> [Input data]

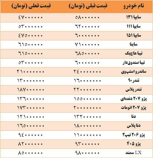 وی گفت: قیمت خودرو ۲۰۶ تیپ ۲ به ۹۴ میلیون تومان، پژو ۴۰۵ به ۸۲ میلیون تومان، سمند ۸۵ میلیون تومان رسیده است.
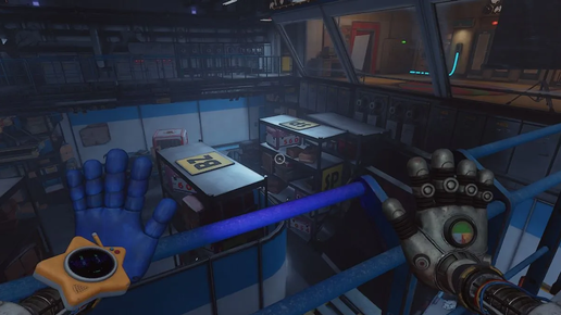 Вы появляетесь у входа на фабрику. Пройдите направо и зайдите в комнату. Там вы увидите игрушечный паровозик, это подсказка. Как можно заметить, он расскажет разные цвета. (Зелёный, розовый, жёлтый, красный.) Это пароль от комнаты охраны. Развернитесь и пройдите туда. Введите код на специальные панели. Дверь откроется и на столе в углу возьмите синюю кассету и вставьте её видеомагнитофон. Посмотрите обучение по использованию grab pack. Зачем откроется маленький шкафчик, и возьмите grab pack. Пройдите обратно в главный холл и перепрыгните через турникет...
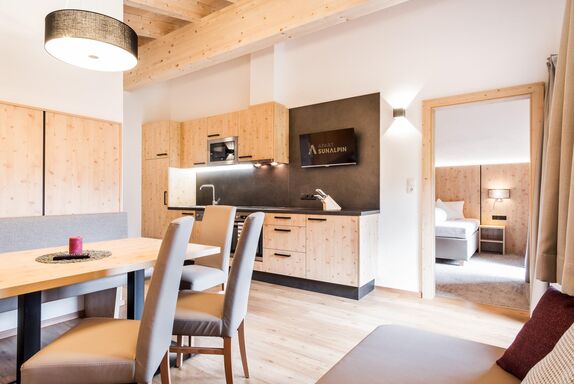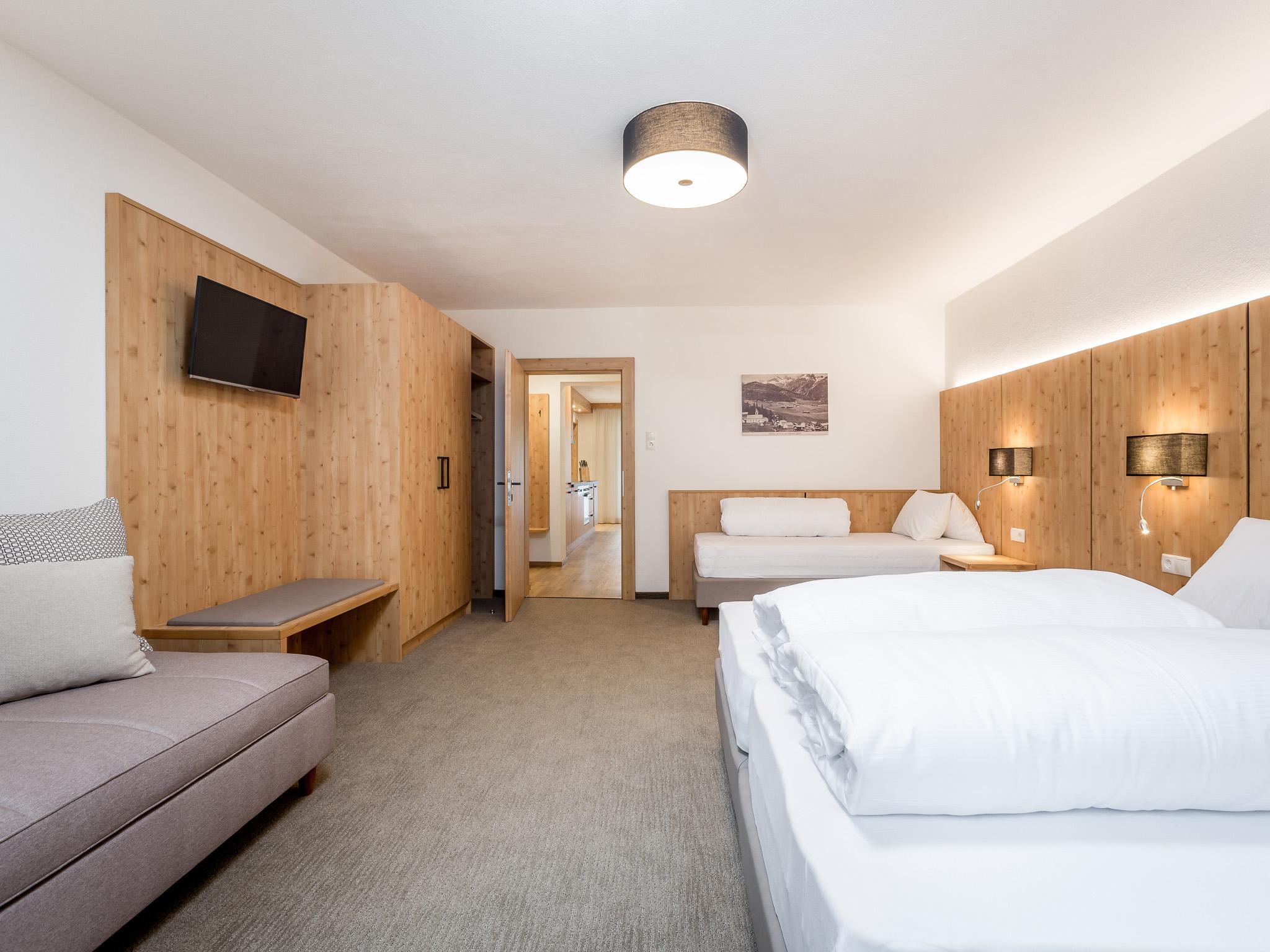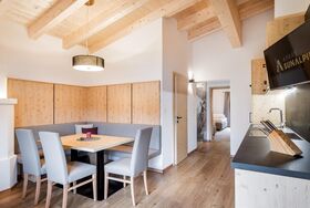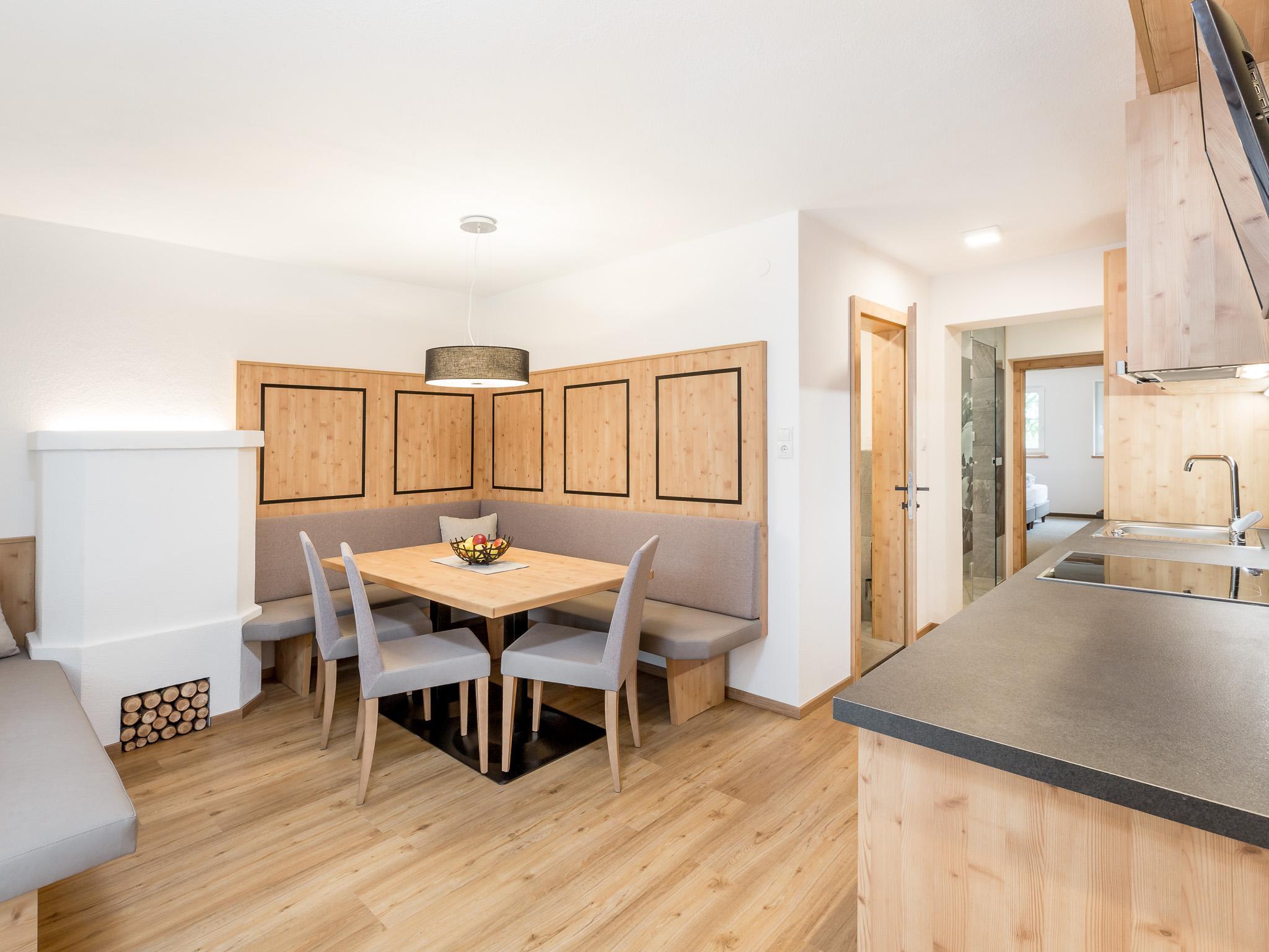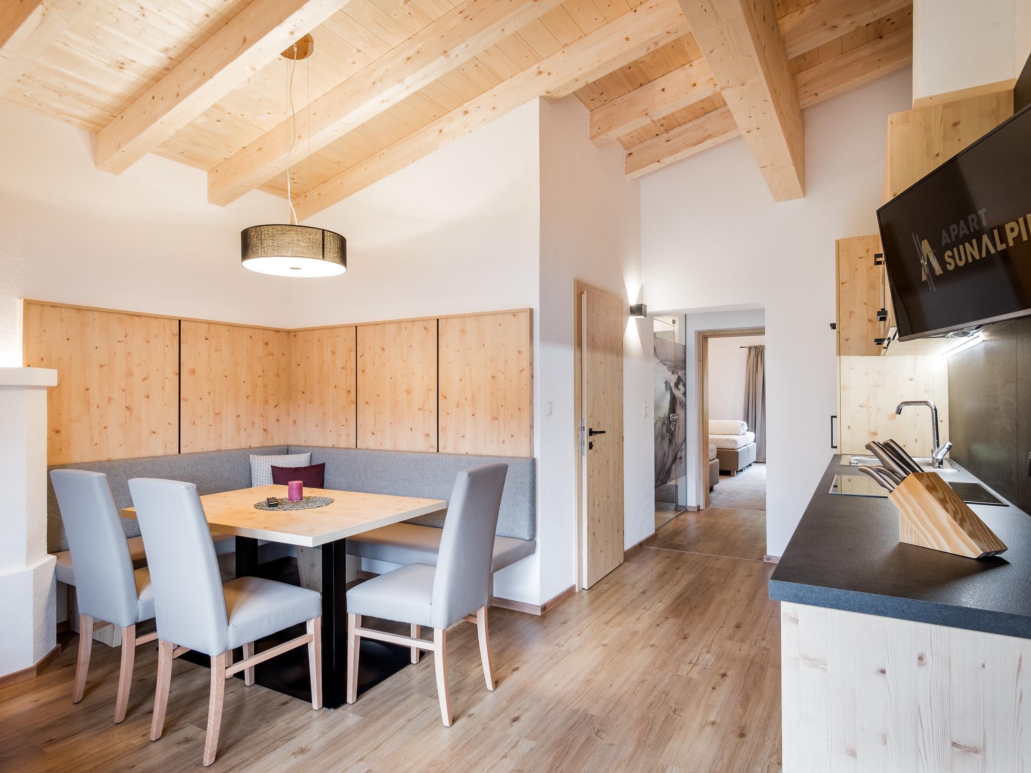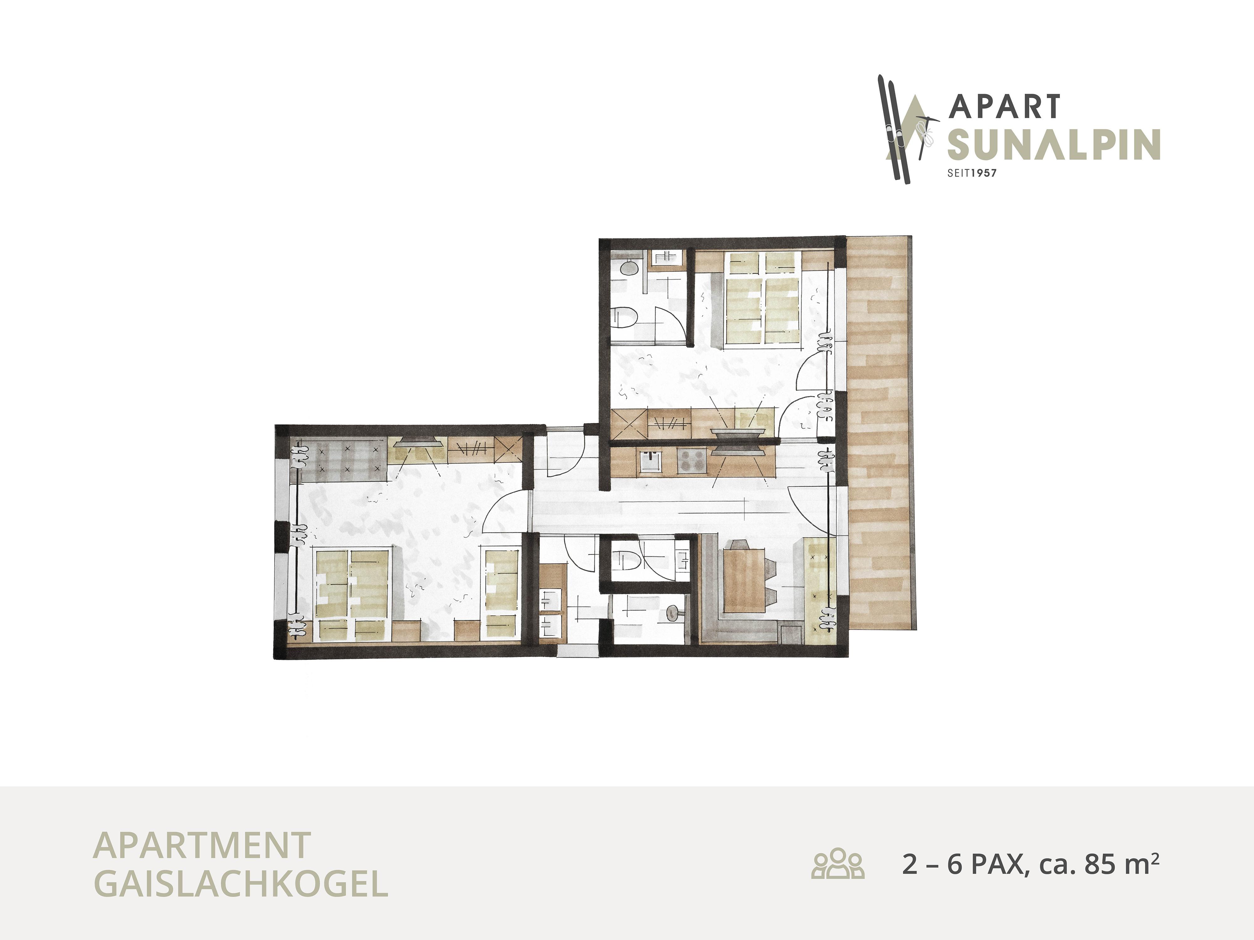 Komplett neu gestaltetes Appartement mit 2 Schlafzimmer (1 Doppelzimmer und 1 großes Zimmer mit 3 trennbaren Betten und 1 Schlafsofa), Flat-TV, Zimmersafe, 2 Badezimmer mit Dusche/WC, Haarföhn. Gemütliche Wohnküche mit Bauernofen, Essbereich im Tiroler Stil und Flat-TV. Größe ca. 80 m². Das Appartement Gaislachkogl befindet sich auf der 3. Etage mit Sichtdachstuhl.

==

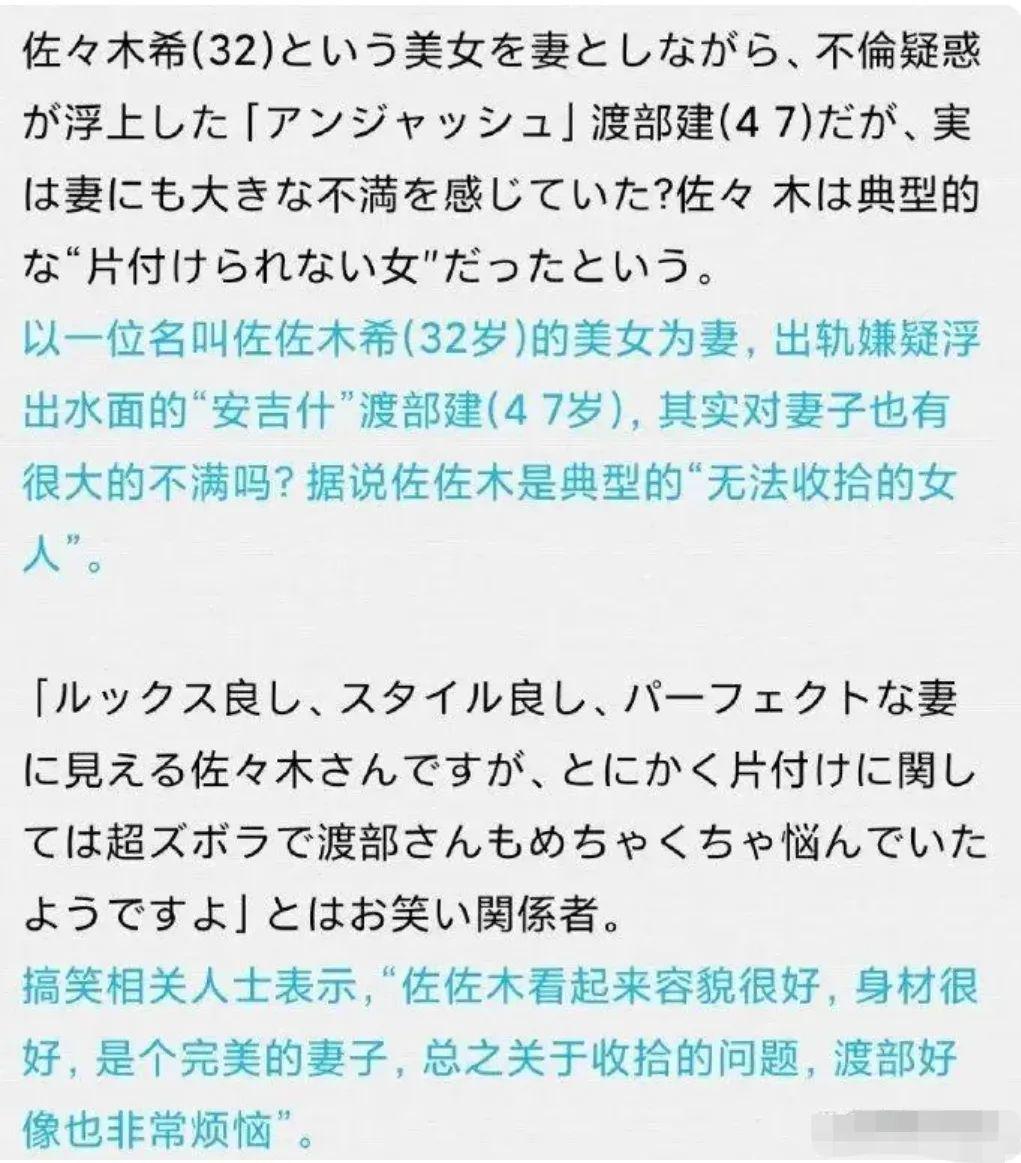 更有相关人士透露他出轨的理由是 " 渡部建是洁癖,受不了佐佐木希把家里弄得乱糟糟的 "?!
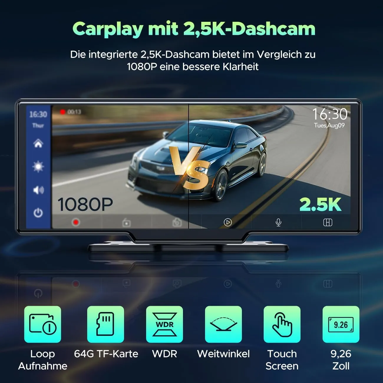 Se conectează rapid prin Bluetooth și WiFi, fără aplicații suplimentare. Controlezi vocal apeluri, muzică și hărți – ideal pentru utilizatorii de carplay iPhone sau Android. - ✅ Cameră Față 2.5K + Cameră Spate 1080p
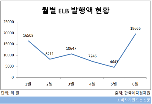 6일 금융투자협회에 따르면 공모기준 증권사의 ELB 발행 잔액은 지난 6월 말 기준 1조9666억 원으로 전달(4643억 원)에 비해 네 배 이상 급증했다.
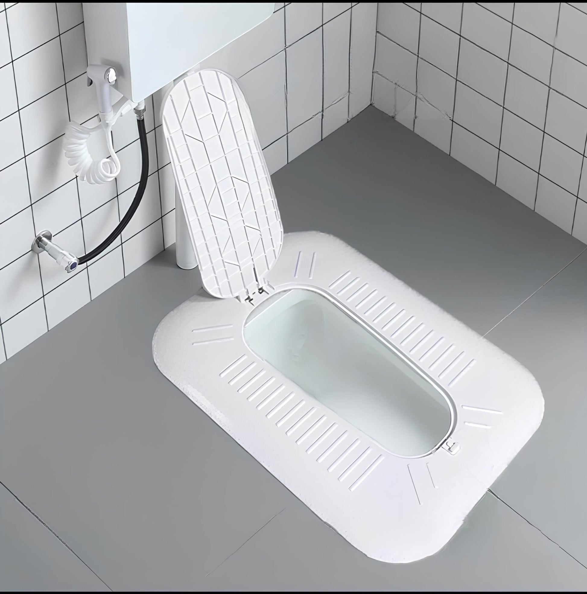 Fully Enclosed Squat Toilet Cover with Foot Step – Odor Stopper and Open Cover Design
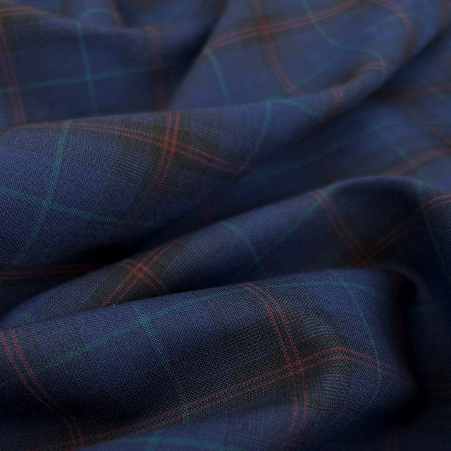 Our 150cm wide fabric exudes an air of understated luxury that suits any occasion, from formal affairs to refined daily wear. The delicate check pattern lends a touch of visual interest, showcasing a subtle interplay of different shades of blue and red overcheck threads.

> [Problem statement]
Look above for the line with "6일 금융투자협회에 따르면" and the line with "Fully Enclosed Squat", then copy them and all lines in between exactly as written, and only those, without any pictures.

> [Result]
 6일 금융투자협회에 따르면 공모기준 증권사의 ELB 발행 잔액은 지난 6월 말 기준 1조9666억 원으로 전달(4643억 원)에 비해 네 배 이상 급증했다.
 Fully Enclosed Squat Toilet Cover with Foot Step – Odor Stopper and Open Cover Design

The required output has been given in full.